During this final burst of activity, I had also begun to make some videos purely for the sake of chuckles, pieces I knew I would never show to the tutors - notably a sarcastic and half-assed science-fiction film entitled The Doom, with assistance from and inspired by Charlie Adlard, specifically Charlie's impressively ham-fisted horror offering Sweet Dreams. It sort of figures that this stupid throwaway stuff (also comprising a horror short made with Thomas Frenzi back in 1985) is actually still watchable in comparison to my other efforts. A sense of humour goes a long way.

Nick Scullard terrifying us all in The Doom - Maidstone October 1986.

The final video I ever made, or at least the last one I ever completed was another throwaway piece, entitled Frankie Howerd solely because it closes with me doing an impersonation of Frankie Howerd. It opens with a shot of a television set, my legs strolling casually into view in the manner of someone in Viz comic. 'What's this?,' I exclaim in cartoon fashion, pointing at the television set before pretending to piss upon it, concluding with my bum gyrating in a mime of garnishing the set with a turd whilst exclaiming, 'that's what I think of video art!' I kept the mistakes in as usual, delivering lines whilst trying not to collapse in hysterics, and for the first time ever, it worked. Finally, I had made an honest piece of genuinely communicative video art, even if it's less than a minute long and only came about by accident.

So, that's four years of work, fifty or sixty pieces, six hours of video tape yielding maybe an hour's worth of stuff I can stand to watch or that I could stand anyone else watching. An hour may be ambitious, and I don't even mean works I'd necessarily consider good, just the ones that haven't completely collapsed under the weight of my own bullshit.

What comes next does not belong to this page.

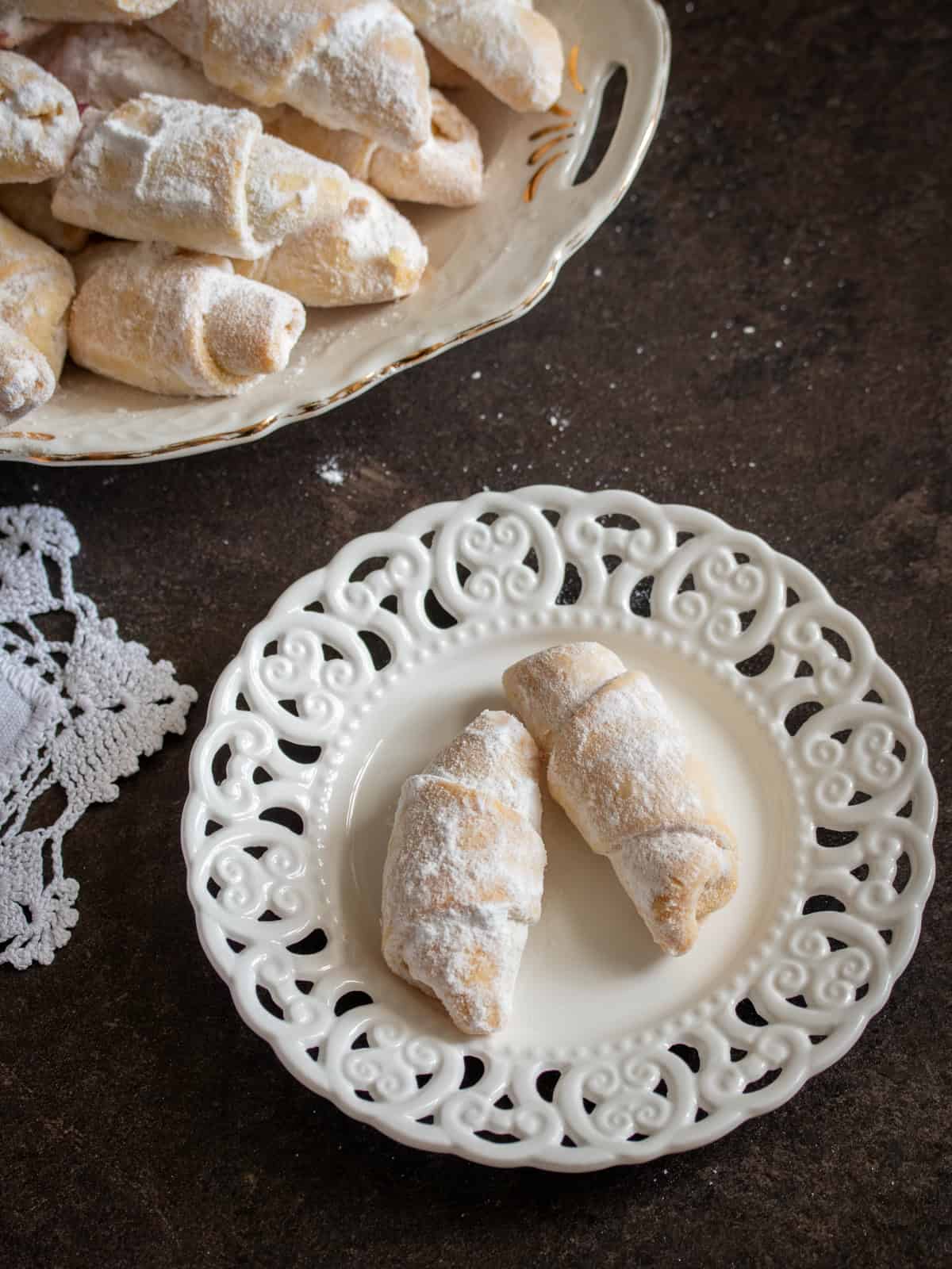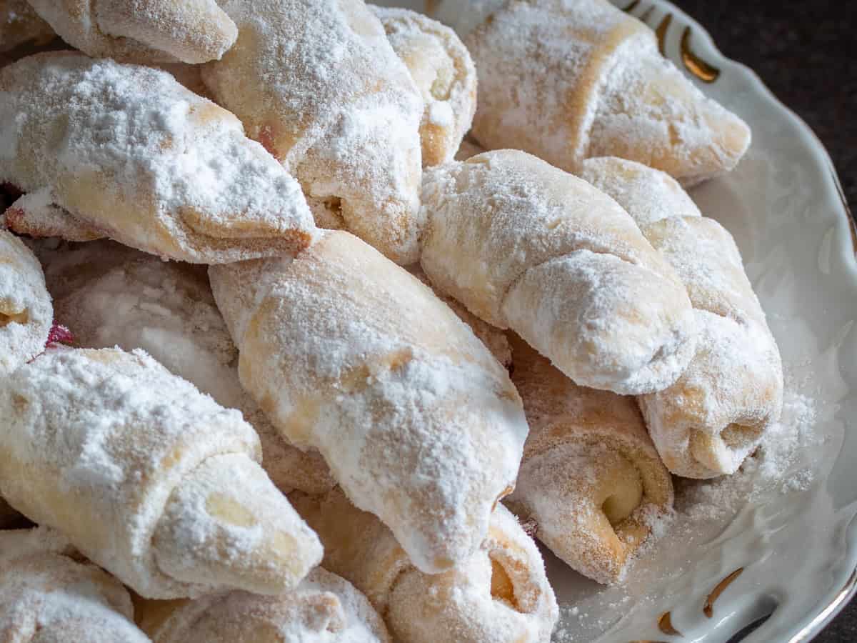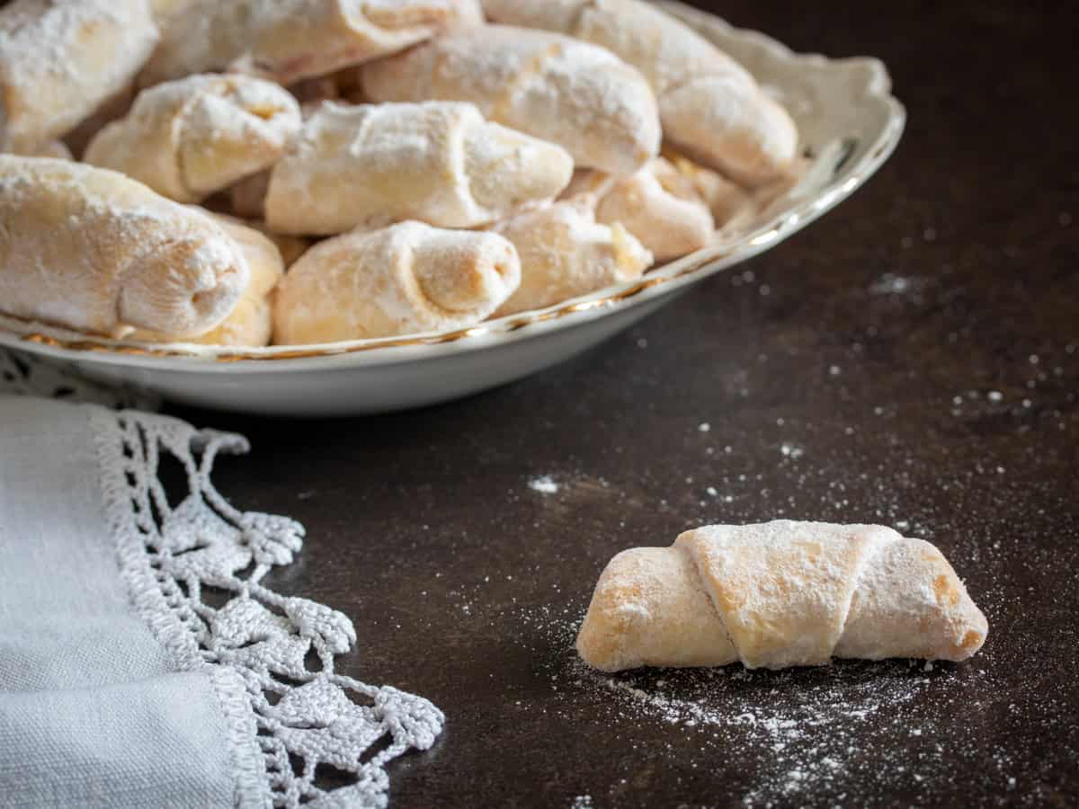 Starinske prhke kiflice Admin, 09/09/2025 Sigurno vam neću reći ništa novo ako istaknem da su mnoge kategorije podložne modi, trendovima ili kako već hoćete da nazovete to kada nešto postane popularno, željeno i traženo. Bilo da je u pitanju neki automobil, neki odevni predmet, neko mesto za letovanje ili ono za izlaske, tašna koja se nosi u ruci, sport koji se trenira, škola koja se upisuje – sve to je odraz trenutnog perioda, pomodarstva, popularnosti. Često smo se pitali u nekim prijateljskim diskusijama šta neko mesto za izlaske u veoma atraktivnoj beogradskoj ugostiteljskoj ponudi načini popularnim? I to u meri da više nema mesta ni za stajanje, dok neko drugo odmah pored zvrji prazno iako su mu realno i ponuda i cena i usluga na daleko višem nivou? Mnogo je tu faktora, negde i naslućujem koji je najuticajniji, ali i dalje izgleda da malo ima pravila. I onda za koju godinu to veoma popularno mesto više ne bude posećeno, već neko tamo deseto – sve je to neki ciklični proces pojavljivanja i nestajanja trendova. Neki dokoni naučnici su išli dotle da su otkrili povezanost između dužine suknje koja je trenutno moderna i globalnih ekonomskih prilika i stanja na berzama. Tako, na primer, što je suknja kraća – ekonomske prilike su bolje, i obrnuto. Naravno, u sred elaboriranja ove teorije, stoji i upozorenje da ovo nikako ne treba da bude indikator za ulaganje kapitala, već da investicije treba da počivaju na daleko opsežnijim analizama od vidljivosti ženskih kolena. Uostalom – može li se reći koja je dužina suknje sada moderna? U ormaru mi vise i one koje dosegnu do vrha butina i one koje se bezmalo vuku po zemlji. Dobro, ja nisam trendseterka niti neko ko (slepo ili uopšte) prati modu, ali ne mogu da prosudim ni prolazeći kroz grad niti listajući časopise koja je dužina sada najmodernija; verovatno je takva i globalna ekonomija – ne zna se ko kosi, a ko vodu nosi. Dalje, postoji još jedna teorija u vezi sa modom, ovog puta u šminkanju. Naime, otkriveno je da u vreme velikih ekonomskih kriza raste prodaja crvenog ruža za usne. Postoje čak i objašnjenja koja potkrepljuju ovo – te da se ulaže u jedan, ali luksuzniji i upadljiviji komad šminke, te da se žene trude na taj način da privuku nekog platežnijeg muškarca. O ovoj teroji mogu samo da – upravo teoretišem. Znate onu izjavu – nekim ženama crveni ruž stoji kao seks, a drugima kao ajvar. E, pa ja sam ova sa ajvarom, tako da mi je crveni ruž vazda bio samo pusta želja. Kada bih morala da odaberem jedan proizvod iz tog učenja koje povezuje šminku i globalnu krizu – moj izbor bi bio maskara. Za nju nemam nijednu teoriju koja bi je povezala sa kretanjem cena hartija od vrednosti niti cene sa žitnica u Peruu. Da ne pominjem što za mene volumen, što maksimalniji, nikada neće izaći iz mode. Sve ovo vam ispričah ne bih li rekla jedno – vraćaju se u modu starinski, bakini slatkiši. Oni sa mašću, sa džemom, sa običnim sastojcima. Oni koji se prave jednostavno, oni koje su bake pravile muteći žicom, umesto samostojećim mikserima, za koje su orahe seckale rukom, a ne u multiprakticima. Oni kolači koji nas podsećaju na čipku i porcelan, garderobu sa diskretnim mirisom naftalinskih kuglica i toplotu koju širi svaki pogled na starinu, ušuškanosti i sigurnost tradicije. Kao i kod mesta za izlaske, ni ovde nisam sasvim sigurna zbog čega su se starinski slatkiši vratili na velika vrata – da li što se u vremenima koje trenutno preživljavamo tražimo nešto sigurno i poznato ili smo jednostavno izgustirali sve čizkejkove, museve i ostale moderne đakonije. Bilo kako bilo, štrudla, šne nokle, jabuke u šlafroku i lenja pita su ono što će nas uvek čekati – kao crveni ruž ili dugačka suknja – da nas ukusima zagrle u nesigurnim vremenima. Ovoj plejadi starih, a dobrih recepata, priključujem i ove starinske prhke kiflice. Najobičniji sastojci, mast, džem za punjenje, prah šećer za posipanje i imaćete punu kutiju kolača koji dugo mogu da opstanu i ostanu. Ovo samo što se tehnologije tiče – verujem da će se ukućani pobrinuti da ove keks-kiflice daleko brže nestanu – jer onaj osećaj kada se tope u ustima, a hrskave su spolja, zaslađene domaćim džemom – se želi iznova ponavljati, sa svakom novom kiflicom. . Recepti
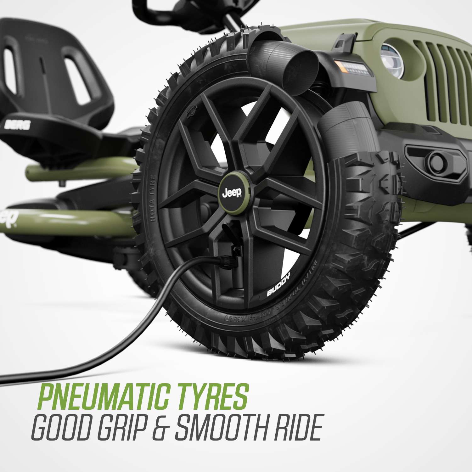 BERG Buddy er udstyret med pneumatiske luftdæk, som giver en ekstra jævn og behagelig køreoplevelse. Luftdækkene har lav rullemodstand, så det bliver lettere at træde i pedalerne – og det betyder, at barnet kan køre hurtigere med mindre anstrengelse.

It would be easy to regard those four years as a waste, but far from accurate. In artistic terms, they taught me a lesson that I hopefully continue to learn and expand upon - namely that what you leave out can be as important or more important than that which you choose to include. Additionally I learned that one should never consider oneself above criticism, no matter how singular your vision may seem. Other people are there so as to save you from your own bullshit, and you are there so as to save them from theirs. Finally, I guess you could say I learned that a piece of art, whatever the medium, needs a seriously good reason to lack a sense of humour. These may not be earth-shattering conclusions, but I wish I'd learned them sooner.

Also, possibly most important of all, I made some great friends during that time, one or two of whom may well be reading this. So if you ever had to sit through one of my videos, or even had the thankless task of numbering amongst my tutors, sorry about that, and thanks for bearing with me. I got there in the end. I think.

Originally posted Sunday 13th February 2011 at Ce Acatl.